First, because the data is captured in its original form, no decisions are made about data standardization or transformation when a data set is acquired and initially stored. Instead, the data consumer imposes those decisions when the data is read. In fact, one benefit of this deferral is that different data consumers can apply different standardization and transformation rules based on their own requirements, which does loosen some of the constraints often imposed when one set of data standardizations and transformations are applied in the conventional schema-on-write approach.

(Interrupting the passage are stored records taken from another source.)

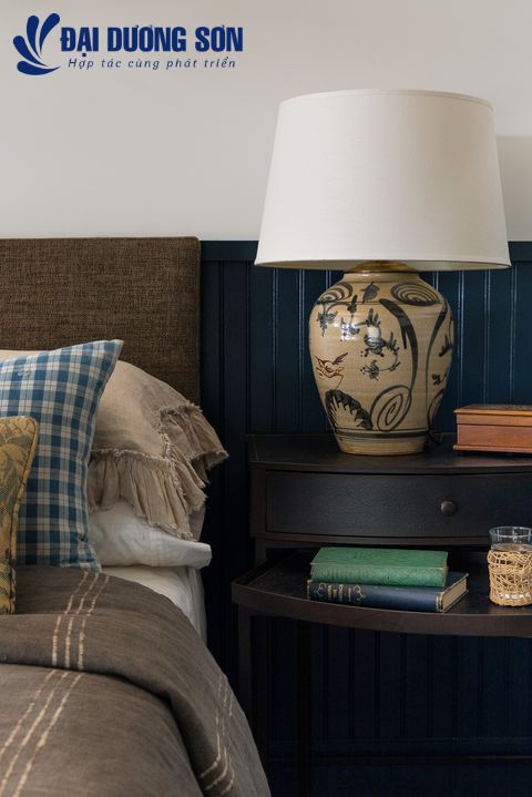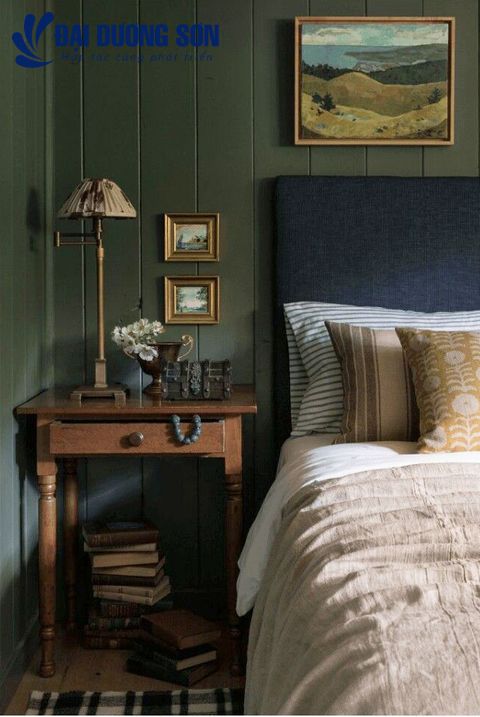 Heidi Caillier đã chọn gam màu xanh đậm của hải quân để kết hợp với các tông màu xanh lá cây, nâu và xanh dương trong phòng ngủ này. Để ngăn không cho nó bị nuốt chửng trong bóng tối, cô chỉ sơn tường tông màu này cho đến dòng ghế. Sự tương phản này cũng thêm vào một yếu tố khác của âm mưu.
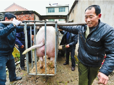 何邦玉帮助乡亲们把大肥猪抬下拖拉机。
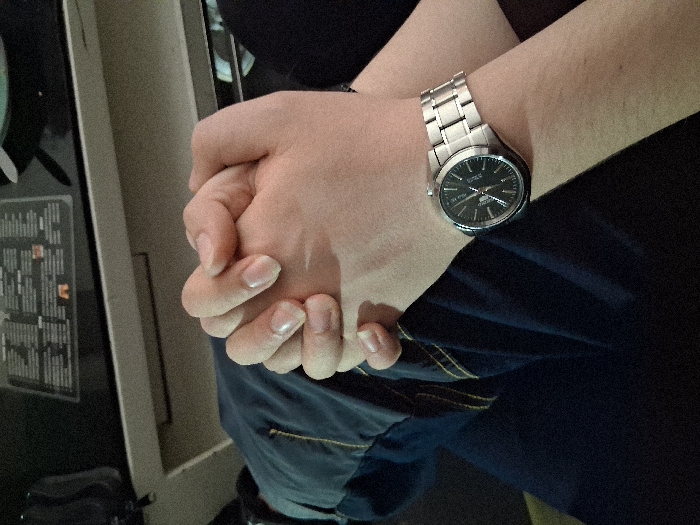 The image displays a close-up, downward-angled view of a pair of clasped hands against a dark background, likely indoors. One hand, positioned underneath, wears a silver-toned wristwatch with a dark face and light markings on its left wrist. The other hand rests clasped over the first. Both hands exhibit a light skin tone with natural, unpolished fingernails. The individual's dark blue garment, possibly trousers or jeans with yellow stitching, is visible on the left side of the frame beneath the hands. A dark sleeve or fabric is visible on the right. In the upper background, a dark surface, possibly a table, holds a translucent, rectangular object that appears to be a menu or information sheet, though its text is illegible. The lighting is subdued, suggesting an indoor setting such as a restaurant or cafe. No specific visual information in the image allows for the identification of a precise location within the city of Varna, Bulgaria.
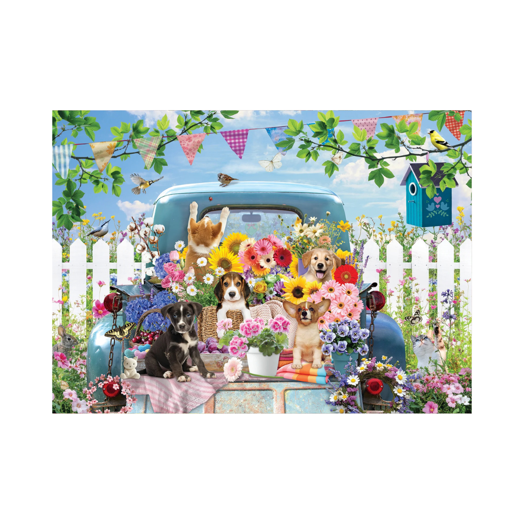 A cheerful summer 500 piece puzzle featuring a vintage country truck overflowing with flowers, foliage, and furry companions.
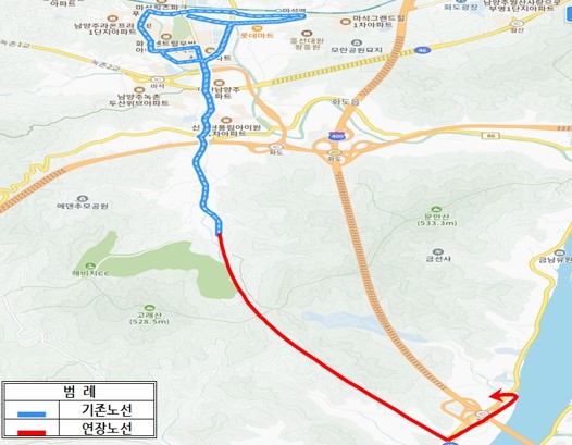 이번 노선연장으로 화도읍 차산리에서 삼봉리 방면 이동 시간이 40분 이상 단축되고 조안면의 △삼봉1리 재재기마을 △부엉배마을 △구봉마을 232세대 주민들의 마석 방면 접근성이 크게 향상될 것으로 기대된다.

There are a few potential drawbacks of this deferral of standardization and transformations:

First, a naïve application that accesses the same data set multiple times may apply the same set of standardization and transformation each time data is accessed. You have to hope that the application developers will be aware of this and make sure that this is only done once.
Second, it is possible that there are different data consumers thinking that their uses are distinct, yet all might apply the same standardizations and transformations to the data for each application use. In this case, there is bound to be some duplication of computation.
Third, when the transformations are not the same, different consuming applications will think that their uses are consistent when in fact the variant transformations will create incoherence among different reports and analytical applications

The benefits and the drawbacks must be balanced in relation to the expected value provided by the data lake. The ability to provide a high capacity yet low-cost platform for generalized storage is very appealing, but the details of making that data accessible and usable should not be ignored. Big data integration via the data lake holds a lot of promise. As adoption grows, we must be aware of the ways to optimize the application of standardizations and transformations so as to not duplicate work, introduce incoherence and maintain a consistent view for all derivate downstream analysis.